The show eschews the rhetoric. Instead, it humanises ‘the issue' by narrowing the focus of its narrative to a family – parents and three offspring – forced by a brutal war to leave their hitherto simple, happy life in an unidentified country and seek refuge in unknown lands.
They pay human traffickers to get them onto a rickety boat to cross perilous seas. By the time they reach firm land, only three siblings remain, the parents lost on the way.
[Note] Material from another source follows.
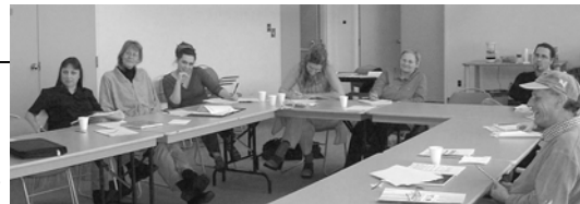
Formation Droits d'auteur en métiers d'art

De plus en plus, ça bouge dans la domaine des métiers d'art. On le sent à l'intérêt des artisans à former une table de concertation, à se regrouper pour monter des projets communs et à une relève grandissante. Le CCAT réalisera un portrait de cette discipline en région pour nous permettre de mieux connaître les artisans qui y et ainsi, prendre ensuite des actions concrètes pour son développement. Bien sûr, la collaboration des artisans nous sera précieuse. Attendez-vous à nous révéler vos secrets bientôt.

They are held in a stark detention centre, before bribing their way out, and then have to find their way in a strange, often hostile land.
Sting reworked some of his back catalogue, and pop classics such as the titular Message in a Bottle, Roxanne and So Lonely have been re-recorded to produce a rich orchestral sounds, without losing their pop accents. As well as Sting himself, the guest vocalists include Beverley Knight, whose rendition of Fields of Gold is deeply affecting.
That Sting’s pre-existing lyrics have been assembled in such a way as to tell a coherent modern-day story is due to a large extent to Lolita Chakrabarti’s skilful dramaturgy, which offers a masterclass in how to shape a clear and effective narrative.
Clever set and video designs (Ben Stones and Andrzej Goulding respectively), and lighting by Natasha Chivers create atmospheric scenes: against a black-and-white video of stormy seas, the migrants’ overcrowded makeshift boat is shaped by the small bags containing their belongings, their tightly packed bodies encased in bright orange life-jackets violently swaying with the swell of the sea.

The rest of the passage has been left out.